Some friends of ours returned from Abu Dhabi for the summer, and wanted to take a family trip to Atlanta.

It was an opportunity we could not refuse.

We stayed at the Hilton Garden Inn because of its proximity to the places we wanted to visit, and because Hilton was offering a package called “The Great Getaway” that offered free breakfast. Sign us up!

Here are the places we visited:

In addition to all the wonderful beasts of the waterways, the aquarium also has a whale slide. Billy, who is not a small man, decided he would try it out. Dominic said, “The whale’s gonna choke!”

Gideon and Mana enjoy some alone time.

It’s less a museum and more an educational Monkey Joe’s. Lots of screaming, running, banging, etc. And the kids made noise too (ba-dum-dum). Let’s just call it “collaborative learning.”

Gideon plays with the moon sand.

That place seemed so much bigger (and cooler) when I was an elementary school kid on a field trip. We saw the Galaxy Gameshow at the planetarium. I think the kids enjoyed it, but I don’t really know. I was asleep. And so were the other three adults. In fact, Eddie said as we left, “So we paid $12 for a nap?” Yes, yes we did.

Fernbank is to the American Museum of Natural History as CitiTrends is to Henri Bendel.

It’s my favorite mall in Atlanta, and I used to work in one of the clothing stores when I was in college. (I won’t say which store because it is just too embarrassing, even for me). We weren’t really there to shop, though. I had to get the hinge on my MacBook Air fixed. While I was doing that, everyone else ate ice cream.

The screaming stopped when they got ice cream.

This is my favorite hotel in the world, and I love this restaurant. It’s a little pricey, but it is worth it for the view.

Lunch over Atlanta

On the way there, I noticed this sign.

Only in the South, y’all.

No visit to Atlanta is complete without a naked dog with cheese, fries and an FO (Frosted Orange). Of course, then I slip into a grease-induced coma, but I don’t care.

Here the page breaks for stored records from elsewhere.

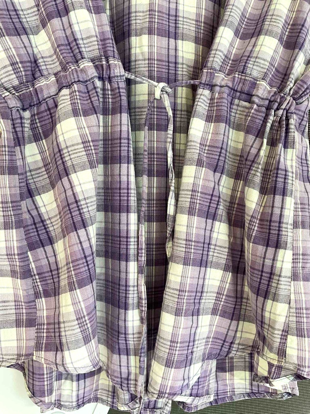 krásna neznosená trendová košeľa,krásne ušitá,vzadu jemný tunel po bokoch,kde sa dá podľa potreby upraviť obvod šnúrkou,pekne sedí na postave,vpredu vrecká,vyhrňovací voľný rukáv, veľmi variabilná,šírka = 66 cm x 2, ramená = 12 cm, rukáv = 47 cm,dlžka meraná na boku = 41 cm, dlžka meraná v strede = 74 cm ( je jemne vykrojená do oblúka )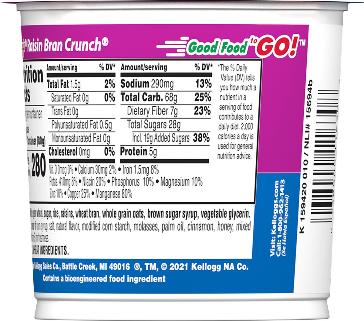 Raisin Bran Crunch Breakfast Cereal Cup Fiber Cereal Original - 2.8 Oz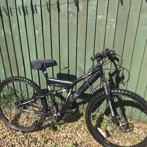 Boss Stealth men’s dual suspension mountain bike, 18” frame, 21 speed twist grip Shimano gears, mechanical disc brakes, 26” MTB off-road tyres, steel frame, suspension forks, front & rear mudguards, adjustable saddle & handlebars been standing couple of months so may need serviced £50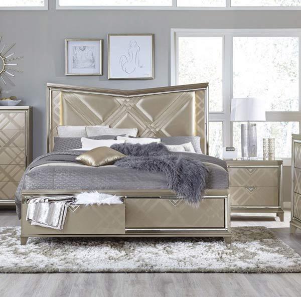 Juego de dormitorio Bijou de 3 piezas con plataforma y almacenaje, tamaño king, en color champán 1522K-1Wfek-3Set | Homelegance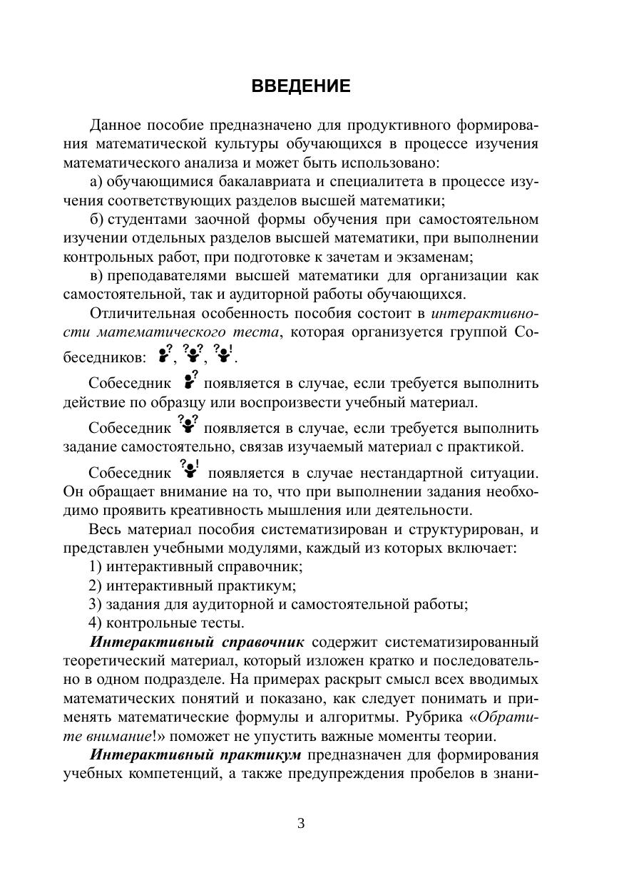 Данная книга представляет собой интерактивное учебное пособие, в котором кратко и последовательно изложен курс математического анализа. Каждый раздел содержит теоретические сведения, интерактивный практикум, задания для аудиторного и самостоятельного решения и систему контрольных тестов. Соответствует современным требованиям Федерального государственного образовательного стандарта среднего профессионального образования и профессиональным квалификационным требованиям. Пособие предназначено для студентов средних профессиональных учреждений.

The plan was to go to The Old Spaghetti Factory (cheesy but yummy and cheap) but it was closed. (For those of you keeping count, that’s the fourth of my favorite restaurants that has closed in the past year. Am I bad luck?) So we went across the street to Mary Mac’s. Despite it being an Atlanta landmark, I had never eaten there. It is Mrs. Wilkes’ Dining Room and The Lady & Sons restaurant in a larger environment. A butter-induced coma ensued.

  • The hotel pools

There were two pools — one outdoor, one indoor — and a jacuzzi. With five kids in the party, though, there are bound to be time-outs, even at the pool. The award for Best Actor in a Dramatic Role goes to my son Gideon for his role in “Pool Party, Pity Party.”

Time-out, party of four

I found another lovely sign here also.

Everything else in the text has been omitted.